___ AVAILABLE DATA

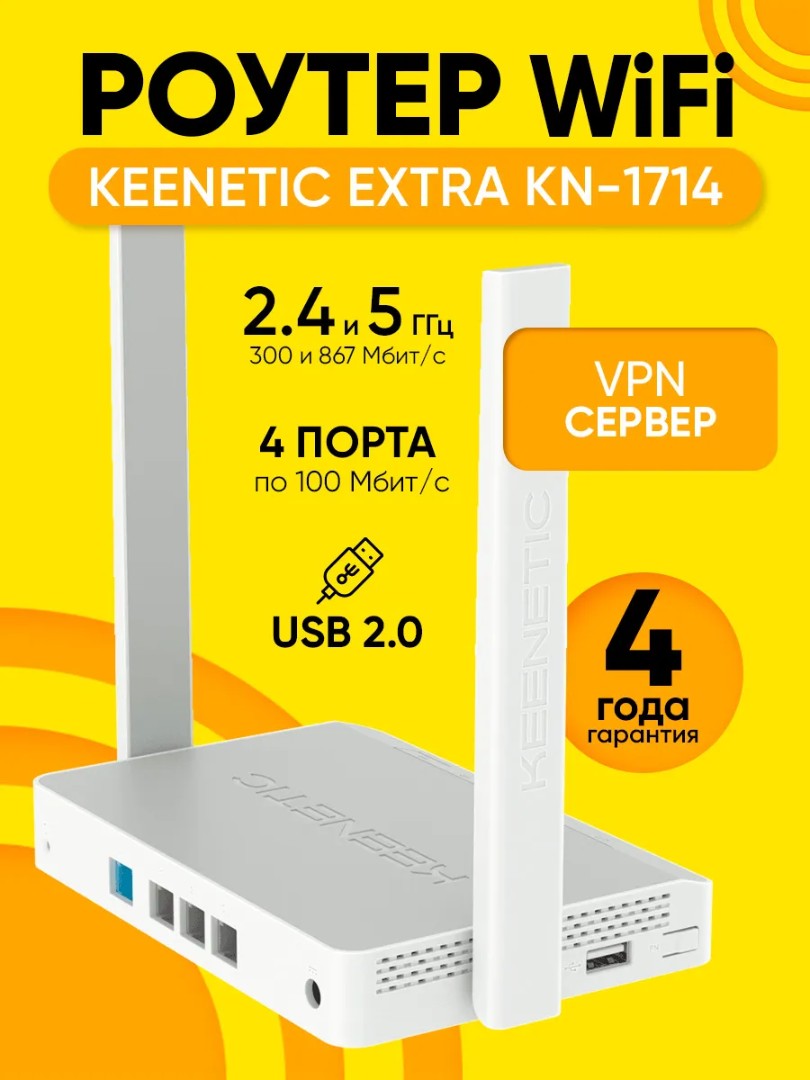 Wi-Fi роутер Keenetic Extra KN-1713 — двухдиапазонный (2.4/5 ГГц), поддержка до 1167 Мбит/с, 1xWAN, 3xLAN, 1xUSB. Обеспечивает стабильное беспроводное подключение.
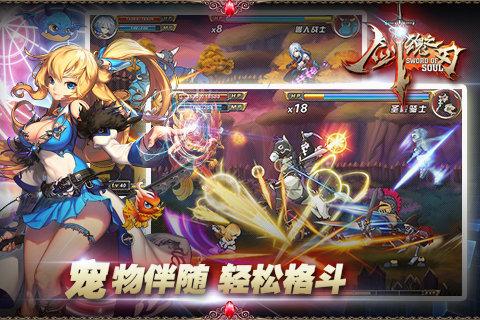 《剑魂之刃》是一款极具探索性的日韩式闯关动作类格斗手游。主打手势操控模式,在战斗连击自由度方面给予加深和创新,并同时融入极其华丽的技能特效,不失为2014年手机动作游戏的盖世佳作。游戏画面采用日韩式卡通风格,整体偏凝重但又不失清新感,尤其是游戏助手形象一改传统“简单”的风格,采用了一只非常可爱的萌系小萝莉,非常符合广大宅男们的胃口。《剑魂之刃》在玩法上不仅拥有包含升级、培养、强化、转职等一系列成长元素,更将即时街机格斗的快感与PK战的激情予以浓墨展现,保证给予你最酣畅淋漓的游戏乐趣与享受。[详情]
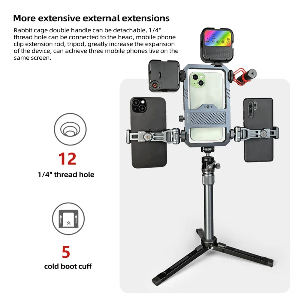 With 12 standard 1/4'' threaded holes and 5 cold shoe ports, this phone cage offers abundant external expansion options
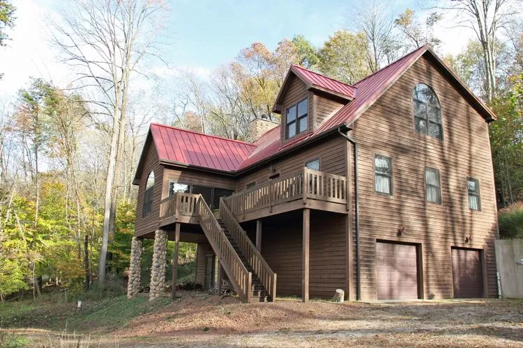 WOW-NOW 249,900...20k PRICE reduction! Between the Course & the Lake...Stunning Custom Cedar Style...If youre looking for privacy, treetop panoramic views, family-sized flow, and open classic design, heres one must-see home and woods. Theres plenty of parking space, plus an oversized 2-car garageroom for you and yours and toys. Enjoy the outside views from walkout lower to upper deck.with direct access to the all-seasons room, and then to the stunning and spacious great room, each with soaring wood cathedral ceilings. A floor-to-ceiling stone fireplace anchors it all, and abundant windows (including palladium designs) accent it all. The cooks-plus kitchen includes double ovens and breakfast/serving bar, and the finished lower level offers extended getaway living space. And its all exceptionally topped off by a gorgeous and most generous loft owners retreat, with its own wood cathedral ceiling and oughta-be-in-pictures master bath. Hide-A-Way Hills Club members enjoy boating & fishing lakes, golf & tennis, pool & beach, lodge & restaurant & much morecome see for yourself what all the 50th Anniversary celebrations are all about!
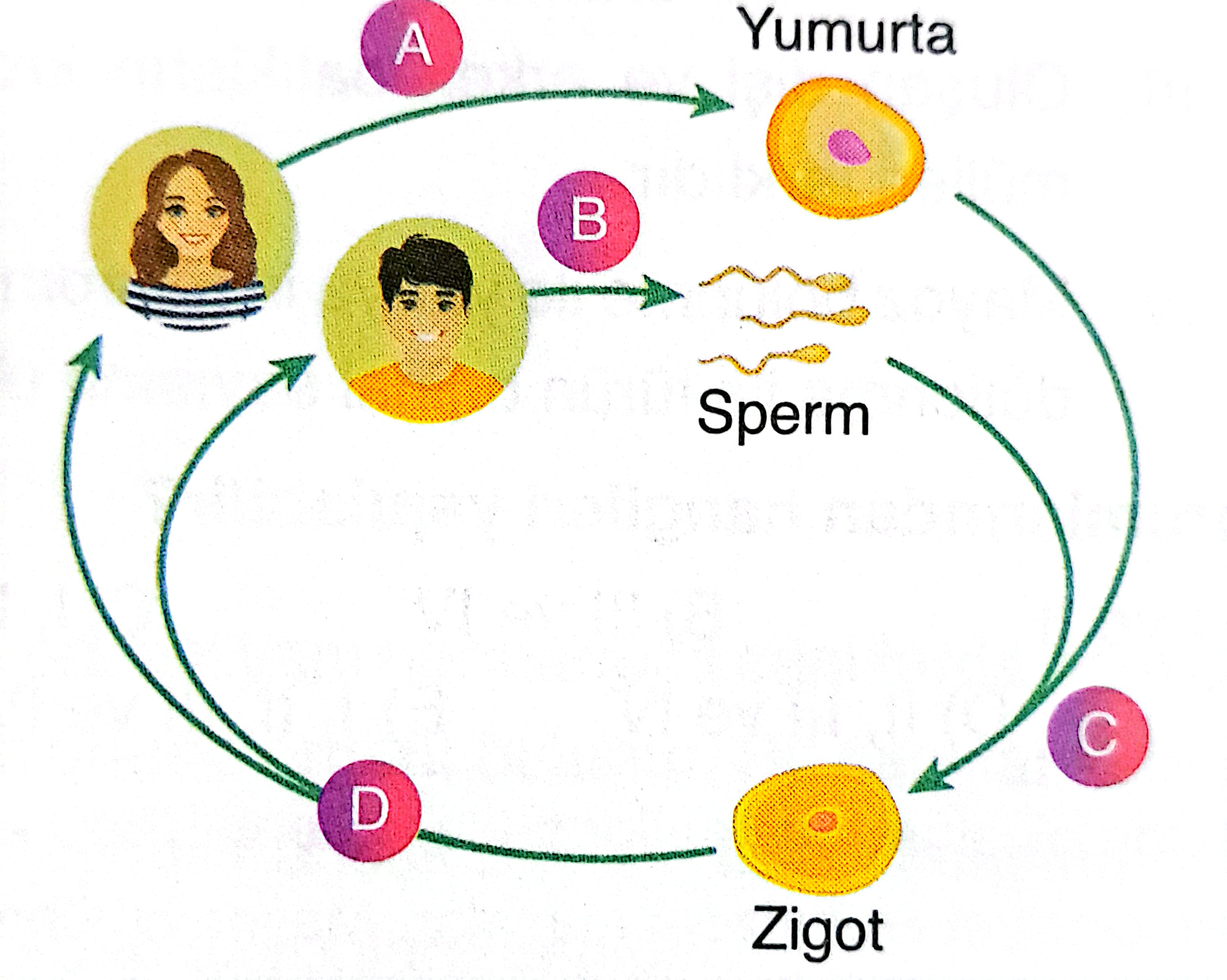 İnsanda eşeyli üreme ile ilgili basamaklar şekilde harflerle belirtilmiştir. Buna göre harflerle belirtilen basamakların neler olduğunu yazınız.
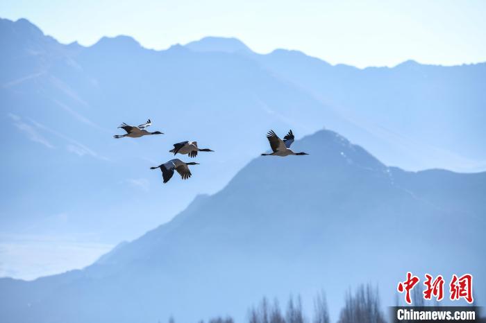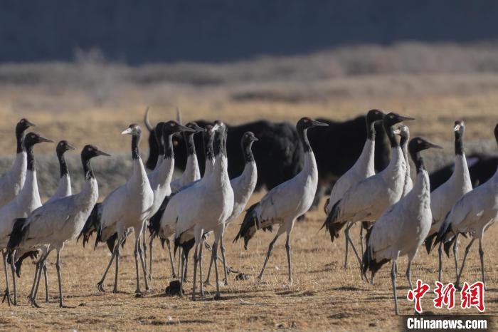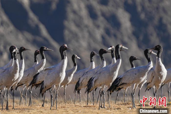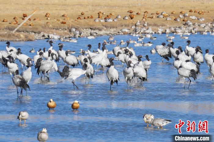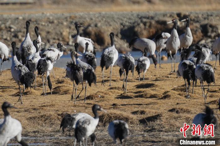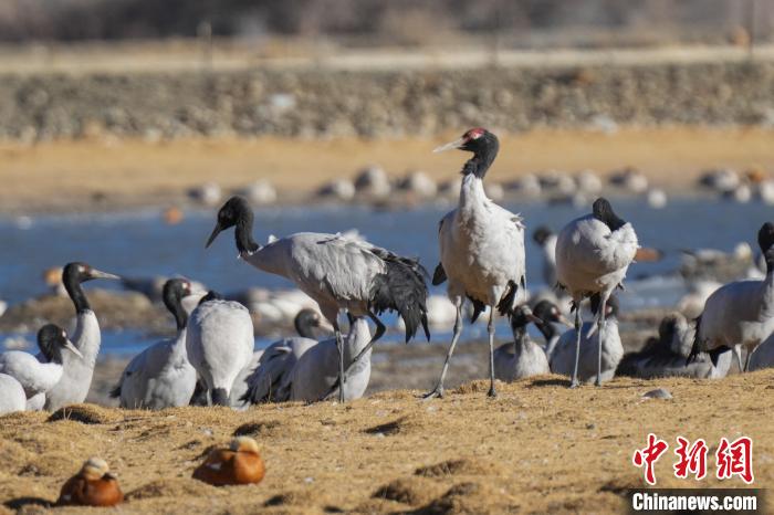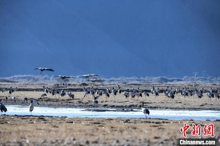 1月10日,西藏雅魯藏布江中游河谷黑頸鶴國家級自然保護區(qū)日喀則片區(qū)拉孜縣曲瑪鄉(xiāng)境內(nèi),大量越冬的黑頸鶴翩翩起舞,在濕地和農(nóng)田間覓食、嬉戲。近年來,隨著國家加大青藏高原生態(tài)保護力度,西藏多措并舉實施生態(tài)建設(shè),廣大農(nóng)牧民民眾保護野生動物的意識不斷提升,黑頸鶴及其棲息地得到了較好的保護,黑頸鶴數(shù)量逐年遞增。據(jù)悉,每年11月至次年3月,日喀則市拉孜縣、謝通門縣、桑珠孜區(qū)等地都會有黑頸鶴在此棲息過冬,最高數(shù)量達到8000只左右。
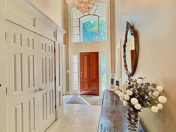 - Sound System, Built-in Desk, Ceiling-9+, Tray Ceiling(s), Ceiling Fan(s), Walk-In Closet(s), Countertops-Solid Surf, Crown Molding, Entrance Foyer, Kitchen Island, Double Vanity, Wet Bar, Main Level Bedroom Suite, Custom Cabinetry
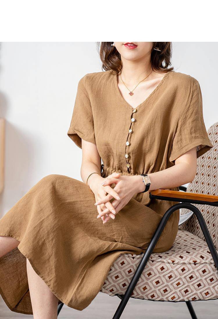 ✨Đầm nữ cổ V phong cách Hàn Quốc thanh lịch, chất linen mát, dầm có túi siêu xinh NH173 nâu
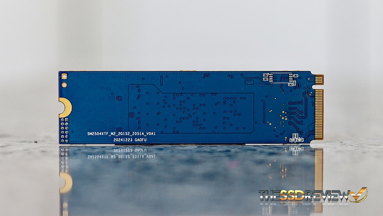 The Silicon Motion SM2504XT 2TB engineering sample SSD provided to us on departure from FMS has a single SM2504XT controller and 2-pieces of 3D TLC NAND flash memory situated on a blue 2280 (22mm wide x 80mm long) form factor M.2 PCB (printed circuit board)). The SM2504XT is a PCIe 5.0 (Gen 5) four lane (x4) SSD that uses the latest NVMe 2.0 SSD protocol. This 4-channel SSD controller is of the TSMC 6nm process, also known as the N6, which speaks to three things; performance, power efficiency and density.
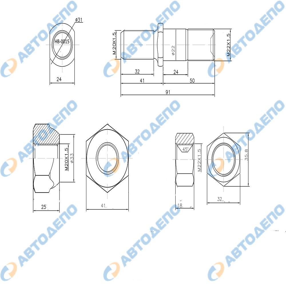 Шпилька колёсная, гайки, футорки
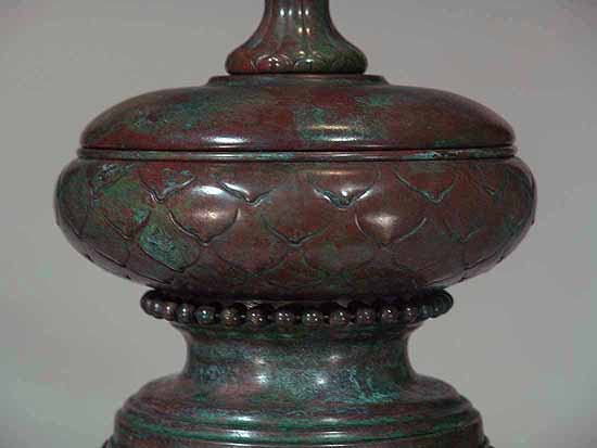 The suface of the lamp base and sockets are patinated with brown /dark green- brown Tiffany patina made in our Studio using the original recipe handed down by Tiffany Studios New York. No lacquer is used in the patination process.
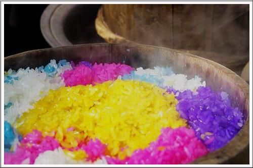 (图注:祭牛节的五色糯米饭)
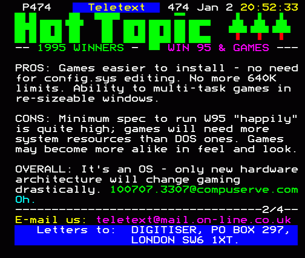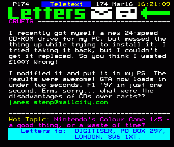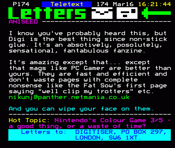 ...mail us: teletext@mail.on-line.co.uk. Letters to: DIGITISER, PO BOX 297, LONDON SW6 1XT....
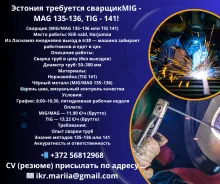 RUS: Эстония требуется сварщикMIG -MAG 135-136, TIG - 141! Tööpakkumised Eestis
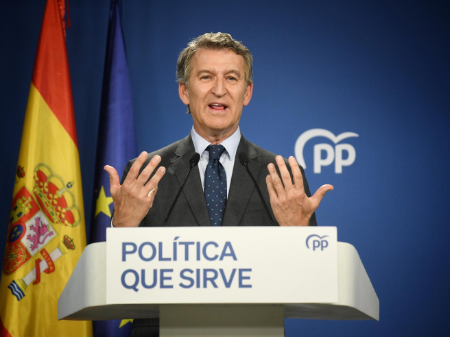 El presidente del Partido Popular, Alberto Núñez Feijóo, durante una rueda de prensa, en la sede del PP en Génova, a 12 de junio de 2025, en Madrid (España). Fernando Sánchez - Europa Press
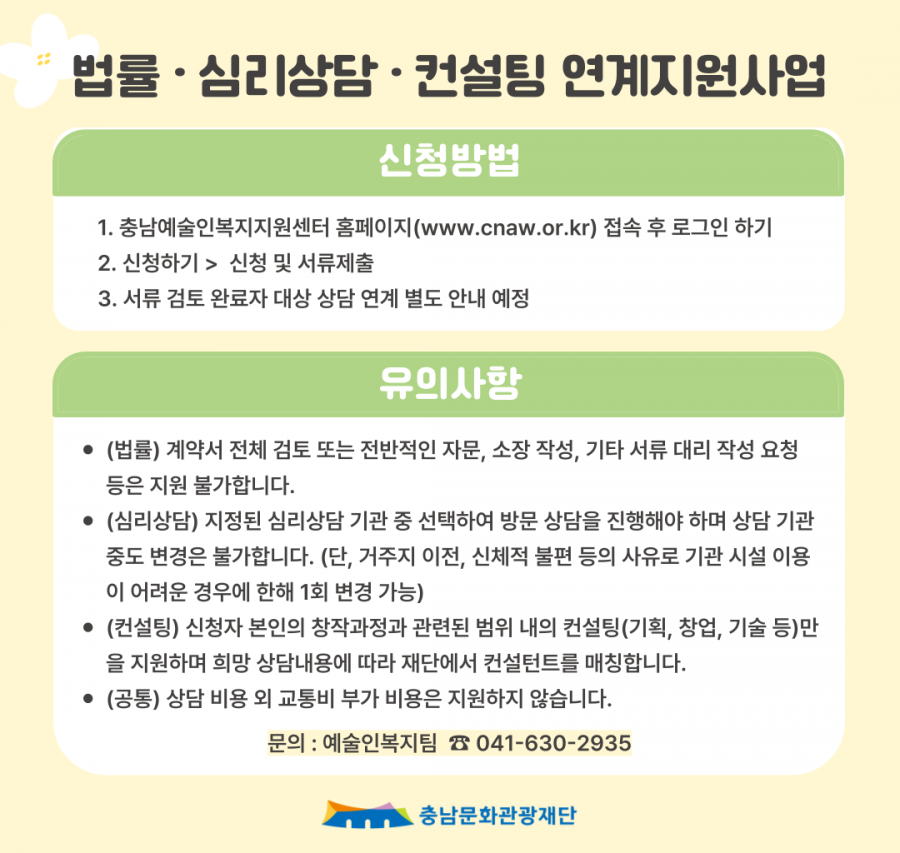 충남문화관광재단에서는 충남 예술인의 권익 보호와 심리적 안정 지원을 위해

______

◆ TASK INSTRUCTIONS:
Each line between the one holding "- Sound System, Built-in" and the one holding "xinh NH173 nâu", inclusive, should be copied exactly as it appears above, and pictures should be omitted.

◆ TASK RESULT:
 - Sound System, Built-in Desk, Ceiling-9+, Tray Ceiling(s), Ceiling Fan(s), Walk-In Closet(s), Countertops-Solid Surf, Crown Molding, Entrance Foyer, Kitchen Island, Double Vanity, Wet Bar, Main Level Bedroom Suite, Custom Cabinetry
 ✨Đầm nữ cổ V phong cách Hàn Quốc thanh lịch, chất linen mát, dầm có túi siêu xinh NH173 nâu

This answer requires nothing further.